What is the difference between the Search and Display Network?

The Search Network is a collection of search engines offering advertisers sponsored text ads. Ads are triggered by user search queries.

The Display Network is a group of websites which offer text and image ads. These ads are targeted contextually based on the advertiser’s preference.

Pro-tip: Use a descriptive name for your campaign. It will be worth it when you have multiple campaigns accumulated in your account. Then, opt into the Search Network only to give yourself the best chance for initial campaign success.

Networks

After opting into a Search Network only campaign, it’s time to determine your reach across Google’s Search Network.

By building a Search Network only campaign, your ads will be displayed across Google Search, Shopping, Maps, Images, and Groups.
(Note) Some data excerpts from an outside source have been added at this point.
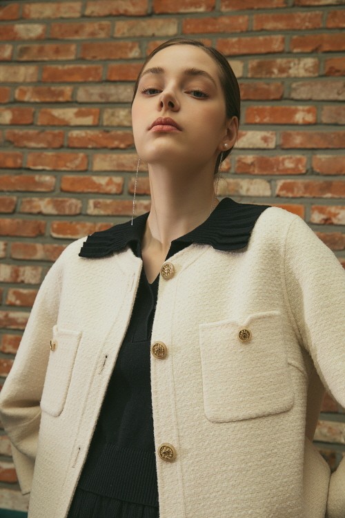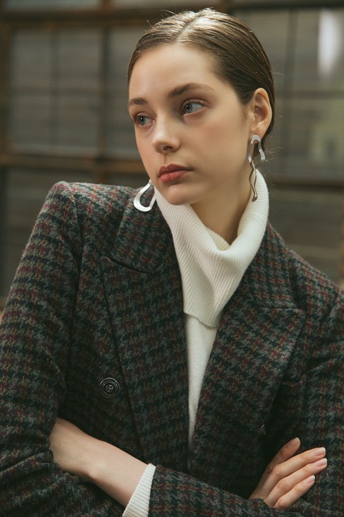 또 금장 단추 디테일로 럭셔리 무드를 살린 자주색 원피스와 체크 패턴이 돋보이는 베이지 컬러 핸드메이드 코트를 매치한 것도 눈에 띈다. 화이트 트위드 소재 핸드메이드 재킷에 블랙 이너로 트렌디한 스타일링을 쉽게 연출할 수 있도록 선보였다. 얼굴을 작아 보이게 하는 빅 라펠이 적용된 어두운 톤의 하운즈투스 패턴 재킷은 누구나 쉽게 매치하기 좋은 아이템이다.
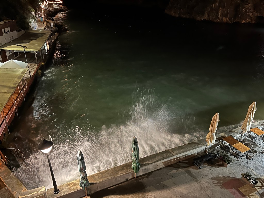 Zum Glück hat es sich ab frühem Mittag zugezogen. Dann kam der angekündigte Wind. Wobei „Wind“ nicht ganz die richtige Formulierung ist… Das Meer eskaliert, die Fähre kann ja lustig werden morgen.
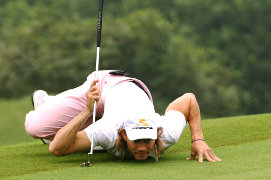 奥斯丁以坏脾气著名,他不擅长推杆,生气时会把推杆举过头顶砸头,这个动作让很多人印象深刻。然而,在奥斯丁43岁后,人们想到他时,会叫他“潜水侠”。
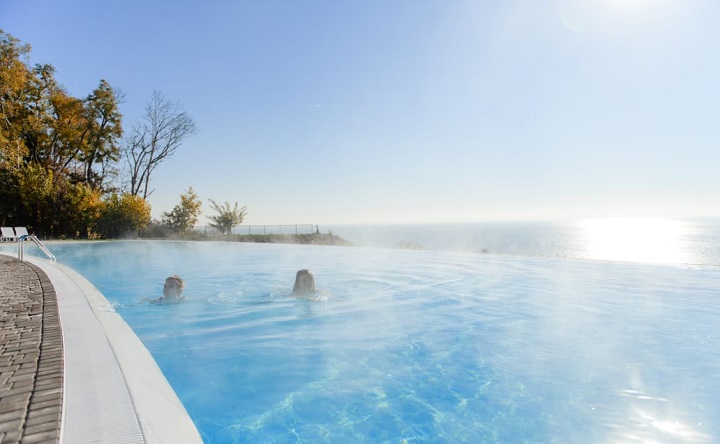 — детский открытый тёплый бассейн на высоте 40 метров над уровнем моря;

The choice within the Networks section is whether to include your ads on Google search partner sites. Search partners are sites that have affiliated with Google, like aol.com and about.com. Electing to include Search partners will increase your impressions and click volume but may decrease the overall quality of your paid traffic.

Google Search Network

Pro-tip: Start with Google’s Search Network only. If down the road you are working to build volume and increase your daily spend, employ search partners.

Devices

Are you a small coffee shop that customers want to find while running errands on a weekend? Think about increasing your bids on mobile devices to target customers who are out and about.

Are you a b2b offering a specialized software download? You may want to avoid showing on mobile devices all together.

The Devices section is where you make those decisions happen. Due to AdWords new Enhanced Campaigns format, completely excluding any of the three device types (Desktops/Laptops, Tablets, and Mobile) is not possible.

Instead, mobile bid adjustments must be made to shift your device preference.

Adjust your mobile bids by -100% to all but remove mobile targeting or increase your bids by a maximum of 300% to opt for a mobile heavy campaign.

Devices

Pro-tip: Understand which devices your customers use – not only to visit your website, but to convert on your site, and adjust your mobile bid accordingly.

Locations

By default, new campaigns are set to serve the entire United States and Canada. For many low budget advertisers, serving ads to all of North America will not be effective.

When first getting started in AdWords, think about where your core market is.

Geographic targeting can be broken down by country, state, Nielsen DMA region, city, zip code, and if you would like, congressional district.

In addition, advertisers can also set a targeted radius around a specific location.

locations

Pro-tip: Understand the capabilities and reach of what your business delivers. If you don’t ship internationally, keep your targeting domestic. If you are a local business with a physical location, how far will customers realistically travel to visit you? 

Languages

English is the default language for all new campaigns. Leave it at that. Please.

Pro-tip: Set your language to English, unless you have a really good reason to do so otherwise.

Bidding and budget

The Bidding and budget section in the campaign settings allows advertisers to not only set their daily budget, but also to decide how keyword bid levels are determined in their campaign.

Since Conversion Optimizer will not be an eligible option when building your first campaign, advertisers must employ the ‘Focus on clicks’ bidding option. Then it’s time to choose between manual bidding (dictated by yourself) and automatic bidding (AdWords sets your bids based on a maximum CPC limit).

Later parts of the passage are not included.